Data shown START

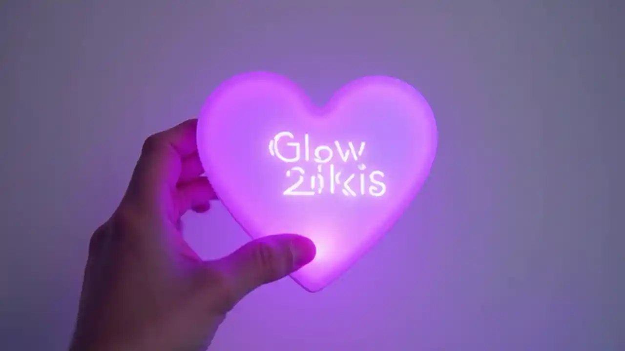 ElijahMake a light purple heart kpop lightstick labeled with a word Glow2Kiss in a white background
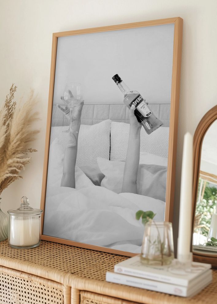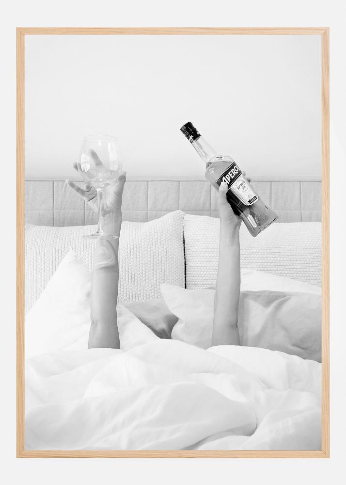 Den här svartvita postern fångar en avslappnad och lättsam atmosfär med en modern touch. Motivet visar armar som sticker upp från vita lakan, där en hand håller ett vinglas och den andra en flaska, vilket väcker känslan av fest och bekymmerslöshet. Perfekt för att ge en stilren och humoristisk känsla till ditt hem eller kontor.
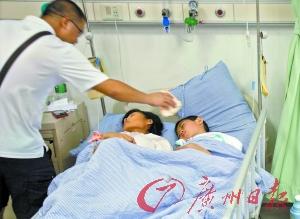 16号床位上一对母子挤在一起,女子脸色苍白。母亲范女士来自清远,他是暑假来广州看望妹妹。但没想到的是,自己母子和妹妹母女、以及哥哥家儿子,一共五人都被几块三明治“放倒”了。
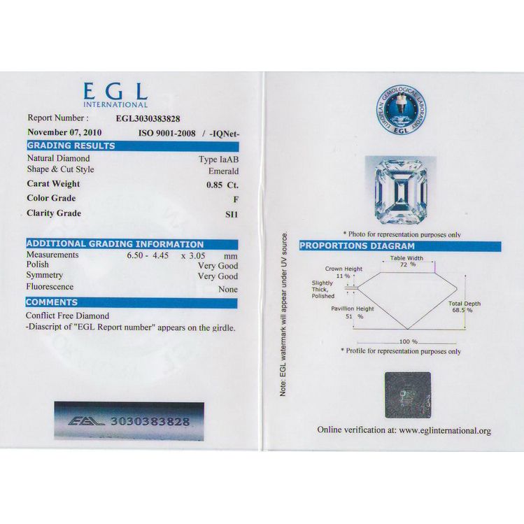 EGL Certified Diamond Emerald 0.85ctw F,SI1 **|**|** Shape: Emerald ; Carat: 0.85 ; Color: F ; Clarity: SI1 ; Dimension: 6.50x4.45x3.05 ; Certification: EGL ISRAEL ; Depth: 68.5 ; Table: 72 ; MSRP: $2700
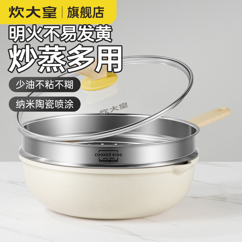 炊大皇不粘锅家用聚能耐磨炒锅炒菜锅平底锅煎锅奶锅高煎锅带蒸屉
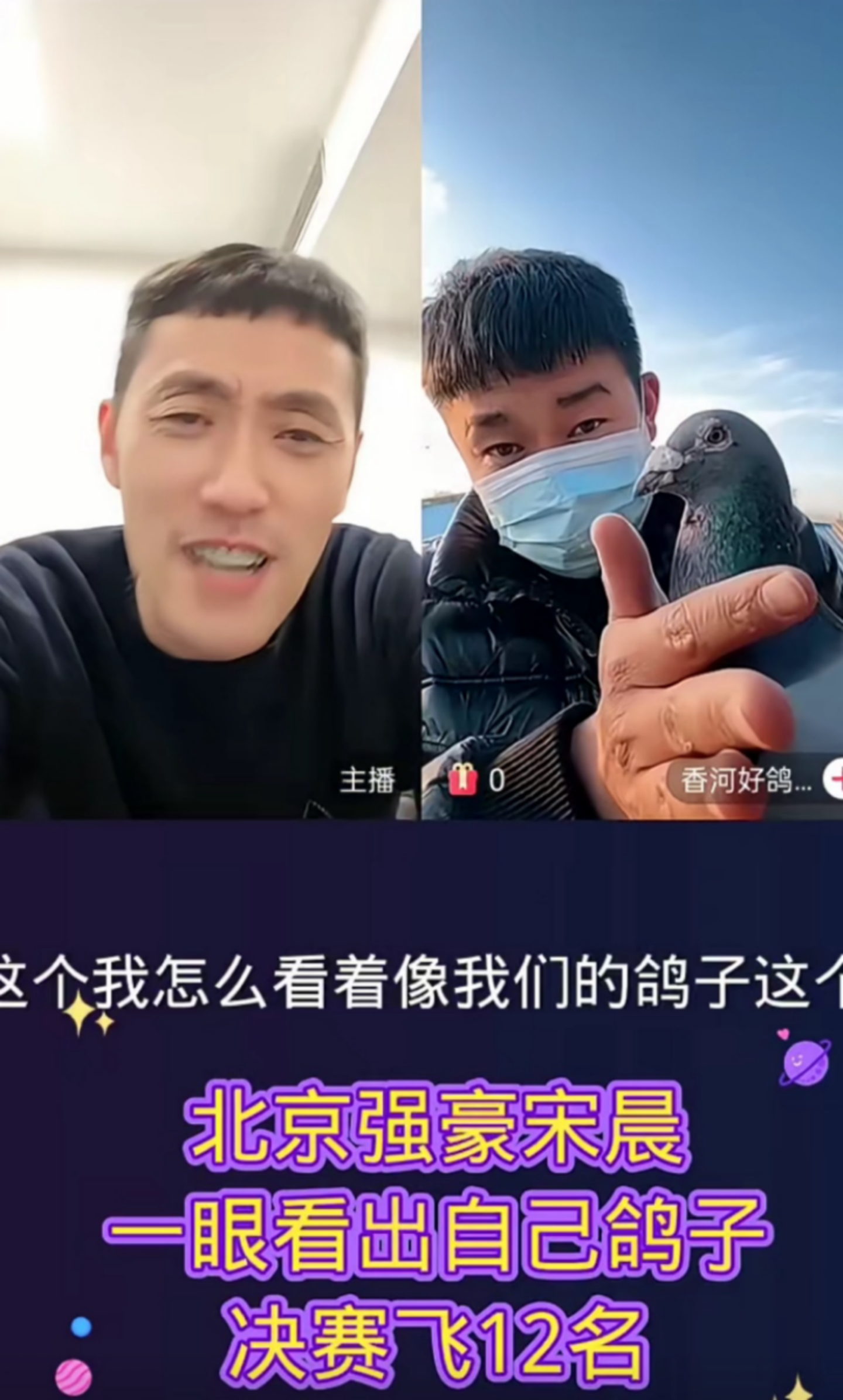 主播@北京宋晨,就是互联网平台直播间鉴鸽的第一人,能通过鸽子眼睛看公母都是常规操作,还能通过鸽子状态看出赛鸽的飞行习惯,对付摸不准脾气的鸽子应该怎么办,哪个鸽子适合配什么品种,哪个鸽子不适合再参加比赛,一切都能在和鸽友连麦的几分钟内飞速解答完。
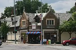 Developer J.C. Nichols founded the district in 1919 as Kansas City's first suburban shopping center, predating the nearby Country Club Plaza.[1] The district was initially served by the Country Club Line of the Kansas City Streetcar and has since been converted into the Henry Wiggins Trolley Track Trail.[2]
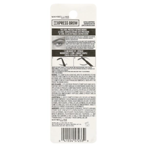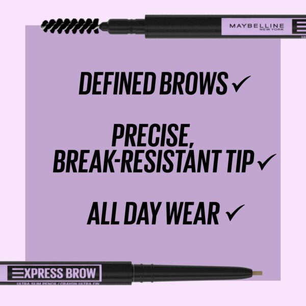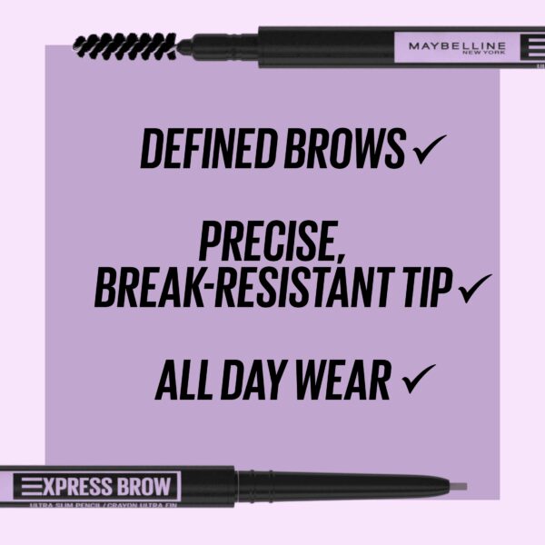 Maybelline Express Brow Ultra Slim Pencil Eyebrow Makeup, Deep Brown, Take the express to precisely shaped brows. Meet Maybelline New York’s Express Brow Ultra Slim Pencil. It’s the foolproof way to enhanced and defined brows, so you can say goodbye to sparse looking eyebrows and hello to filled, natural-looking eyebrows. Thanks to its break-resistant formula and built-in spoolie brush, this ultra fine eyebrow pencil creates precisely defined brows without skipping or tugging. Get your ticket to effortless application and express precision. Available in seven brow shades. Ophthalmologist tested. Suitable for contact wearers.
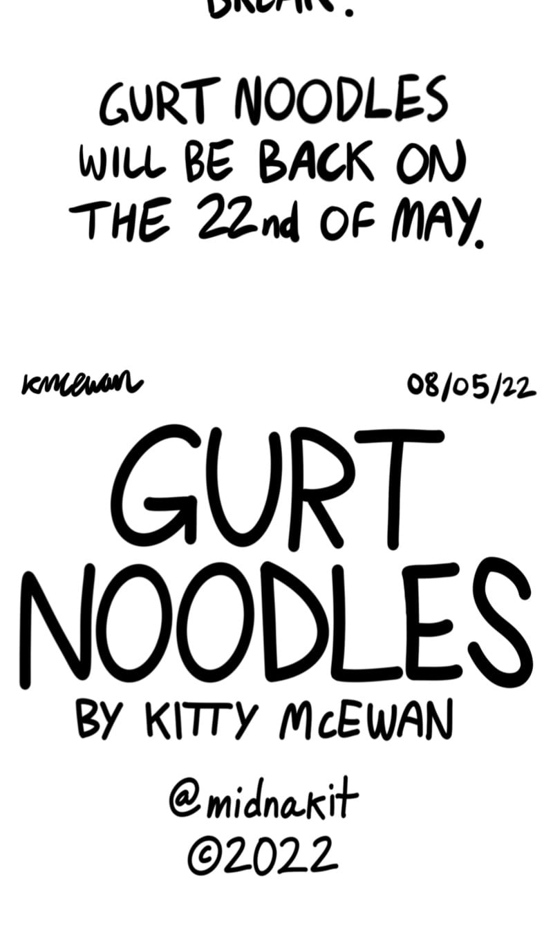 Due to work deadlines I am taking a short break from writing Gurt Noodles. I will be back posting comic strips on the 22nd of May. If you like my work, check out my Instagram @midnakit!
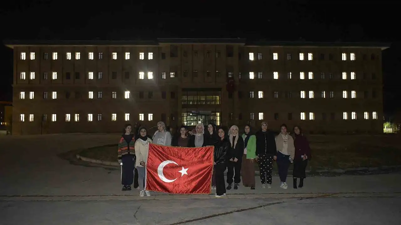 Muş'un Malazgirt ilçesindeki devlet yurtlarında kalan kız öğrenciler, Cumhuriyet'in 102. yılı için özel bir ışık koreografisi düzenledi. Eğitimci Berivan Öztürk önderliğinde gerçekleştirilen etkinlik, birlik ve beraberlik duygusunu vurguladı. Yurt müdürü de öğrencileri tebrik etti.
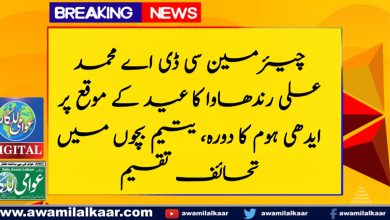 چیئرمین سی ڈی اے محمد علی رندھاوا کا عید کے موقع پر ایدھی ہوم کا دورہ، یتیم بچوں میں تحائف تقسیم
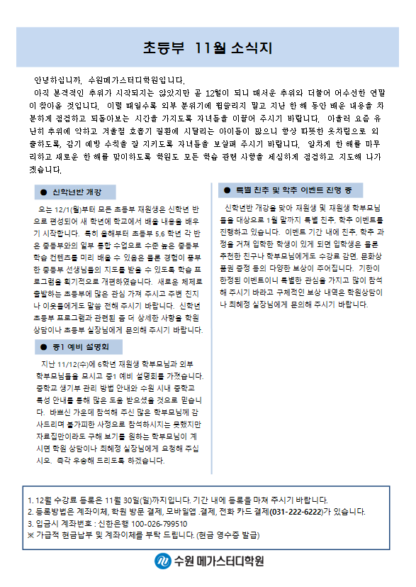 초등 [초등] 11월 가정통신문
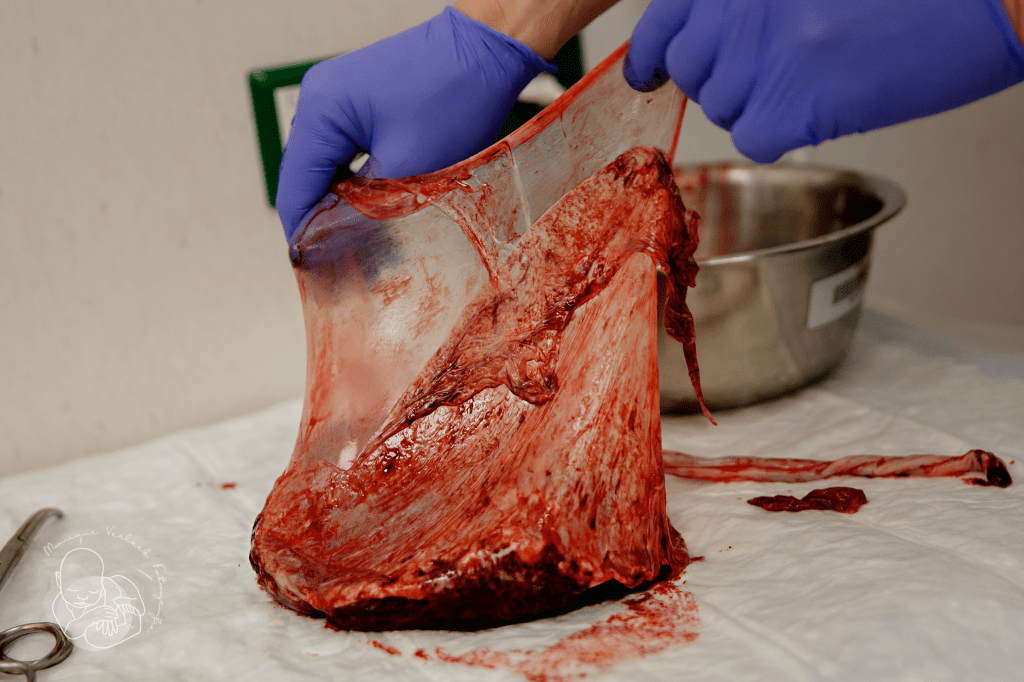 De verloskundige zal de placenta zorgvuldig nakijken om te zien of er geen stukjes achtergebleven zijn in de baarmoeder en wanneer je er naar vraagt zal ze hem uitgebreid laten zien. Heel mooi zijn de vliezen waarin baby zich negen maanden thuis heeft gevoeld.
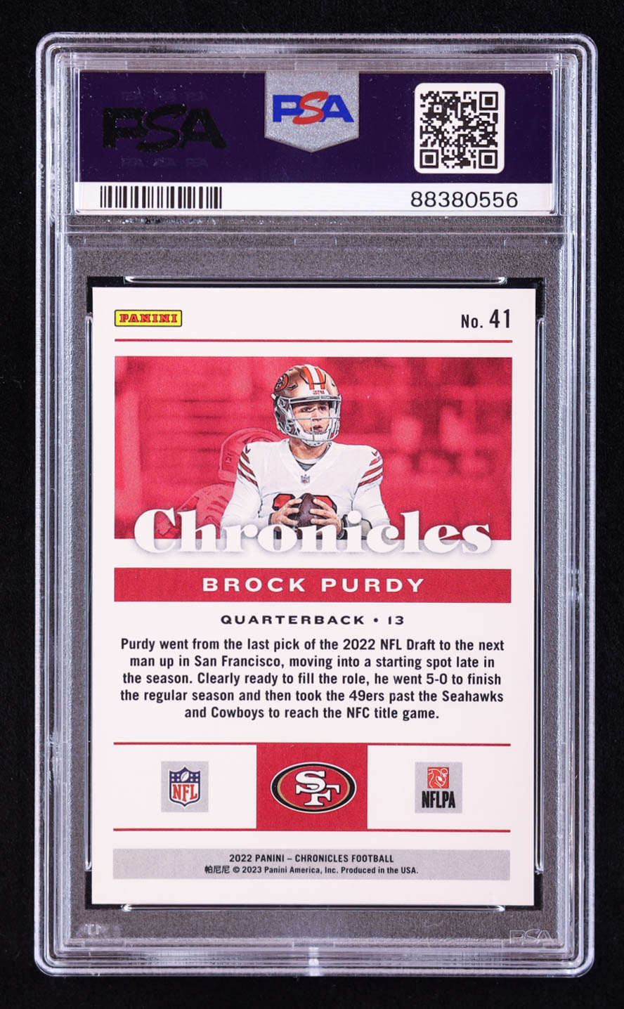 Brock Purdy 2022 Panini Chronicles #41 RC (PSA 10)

Data shown END

Return, exactly as they stand, all of the lines above, but not the pictures.

 ElijahMake a light purple heart kpop lightstick labeled with a word Glow2Kiss in a white background
 Den här svartvita postern fångar en avslappnad och lättsam atmosfär med en modern touch. Motivet visar armar som sticker upp från vita lakan, där en hand håller ett vinglas och den andra en flaska, vilket väcker känslan av fest och bekymmerslöshet. Perfekt för att ge en stilren och humoristisk känsla till ditt hem eller kontor.
 16号床位上一对母子挤在一起,女子脸色苍白。母亲范女士来自清远,他是暑假来广州看望妹妹。但没想到的是,自己母子和妹妹母女、以及哥哥家儿子,一共五人都被几块三明治“放倒”了。
 EGL Certified Diamond Emerald 0.85ctw F,SI1 **|**|** Shape: Emerald ; Carat: 0.85 ; Color: F ; Clarity: SI1 ; Dimension: 6.50x4.45x3.05 ; Certification: EGL ISRAEL ; Depth: 68.5 ; Table: 72 ; MSRP: $2700
 炊大皇不粘锅家用聚能耐磨炒锅炒菜锅平底锅煎锅奶锅高煎锅带蒸屉
 主播@北京宋晨,就是互联网平台直播间鉴鸽的第一人,能通过鸽子眼睛看公母都是常规操作,还能通过鸽子状态看出赛鸽的飞行习惯,对付摸不准脾气的鸽子应该怎么办,哪个鸽子适合配什么品种,哪个鸽子不适合再参加比赛,一切都能在和鸽友连麦的几分钟内飞速解答完。
 Developer J.C. Nichols founded the district in 1919 as Kansas City's first suburban shopping center, predating the nearby Country Club Plaza.[1] The district was initially served by the Country Club Line of the Kansas City Streetcar and has since been converted into the Henry Wiggins Trolley Track Trail.[2]
 Maybelline Express Brow Ultra Slim Pencil Eyebrow Makeup, Deep Brown, Take the express to precisely shaped brows. Meet Maybelline New York’s Express Brow Ultra Slim Pencil. It’s the foolproof way to enhanced and defined brows, so you can say goodbye to sparse looking eyebrows and hello to filled, natural-looking eyebrows. Thanks to its break-resistant formula and built-in spoolie brush, this ultra fine eyebrow pencil creates precisely defined brows without skipping or tugging. Get your ticket to effortless application and express precision. Available in seven brow shades. Ophthalmologist tested. Suitable for contact wearers.
 Due to work deadlines I am taking a short break from writing Gurt Noodles. I will be back posting comic strips on the 22nd of May. If you like my work, check out my Instagram @midnakit!
 Muş'un Malazgirt ilçesindeki devlet yurtlarında kalan kız öğrenciler, Cumhuriyet'in 102. yılı için özel bir ışık koreografisi düzenledi. Eğitimci Berivan Öztürk önderliğinde gerçekleştirilen etkinlik, birlik ve beraberlik duygusunu vurguladı. Yurt müdürü de öğrencileri tebrik etti.
 چیئرمین سی ڈی اے محمد علی رندھاوا کا عید کے موقع پر ایدھی ہوم کا دورہ، یتیم بچوں میں تحائف تقسیم
 초등 [초등] 11월 가정통신문
 De verloskundige zal de placenta zorgvuldig nakijken om te zien of er geen stukjes achtergebleven zijn in de baarmoeder en wanneer je er naar vraagt zal ze hem uitgebreid laten zien. Heel mooi zijn de vliezen waarin baby zich negen maanden thuis heeft gevoeld.
 Brock Purdy 2022 Panini Chronicles #41 RC (PSA 10)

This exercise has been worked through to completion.